INPUT FOR THIS TASK:
*** Block opens ***

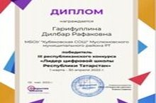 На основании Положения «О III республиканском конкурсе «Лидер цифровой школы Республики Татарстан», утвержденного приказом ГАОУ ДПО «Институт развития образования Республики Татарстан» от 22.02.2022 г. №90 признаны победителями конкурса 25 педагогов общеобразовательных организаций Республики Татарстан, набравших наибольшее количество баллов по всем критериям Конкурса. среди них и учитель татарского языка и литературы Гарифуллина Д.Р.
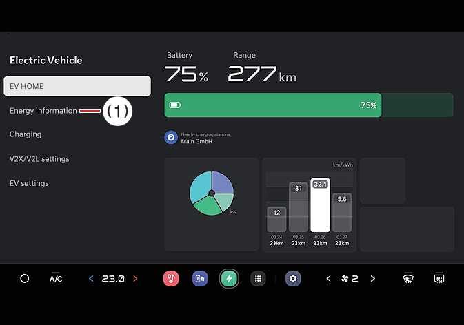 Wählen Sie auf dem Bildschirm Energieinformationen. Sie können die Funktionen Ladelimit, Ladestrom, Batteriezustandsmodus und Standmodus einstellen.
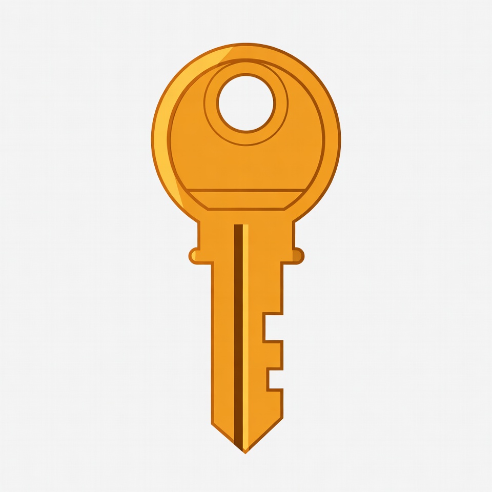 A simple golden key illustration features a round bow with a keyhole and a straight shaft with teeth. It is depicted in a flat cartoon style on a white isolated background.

*** Block closes ***
*** Block opens ***

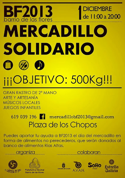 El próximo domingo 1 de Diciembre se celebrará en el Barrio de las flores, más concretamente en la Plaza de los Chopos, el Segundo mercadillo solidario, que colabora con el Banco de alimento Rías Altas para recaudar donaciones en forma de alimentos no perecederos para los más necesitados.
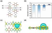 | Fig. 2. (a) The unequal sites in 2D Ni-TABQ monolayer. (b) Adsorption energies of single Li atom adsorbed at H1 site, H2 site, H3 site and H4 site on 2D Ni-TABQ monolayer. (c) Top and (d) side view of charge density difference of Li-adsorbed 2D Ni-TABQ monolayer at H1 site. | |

*** Block closes ***
*** Block opens ***

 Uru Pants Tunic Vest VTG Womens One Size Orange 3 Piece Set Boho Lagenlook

*** Block closes ***

TASK PROMPT:
Excerpt from the records above: set down only the lines from the one that contains "El próximo domingo" through the one that contains "H1 site. | |", inclusive, word for word. Pictures stay out.

EXPECTED ANSWER:
 El próximo domingo 1 de Diciembre se celebrará en el Barrio de las flores, más concretamente en la Plaza de los Chopos, el Segundo mercadillo solidario, que colabora con el Banco de alimento Rías Altas para recaudar donaciones en forma de alimentos no perecederos para los más necesitados.
 | Fig. 2. (a) The unequal sites in 2D Ni-TABQ monolayer. (b) Adsorption energies of single Li atom adsorbed at H1 site, H2 site, H3 site and H4 site on 2D Ni-TABQ monolayer. (c) Top and (d) side view of charge density difference of Li-adsorbed 2D Ni-TABQ monolayer at H1 site. | |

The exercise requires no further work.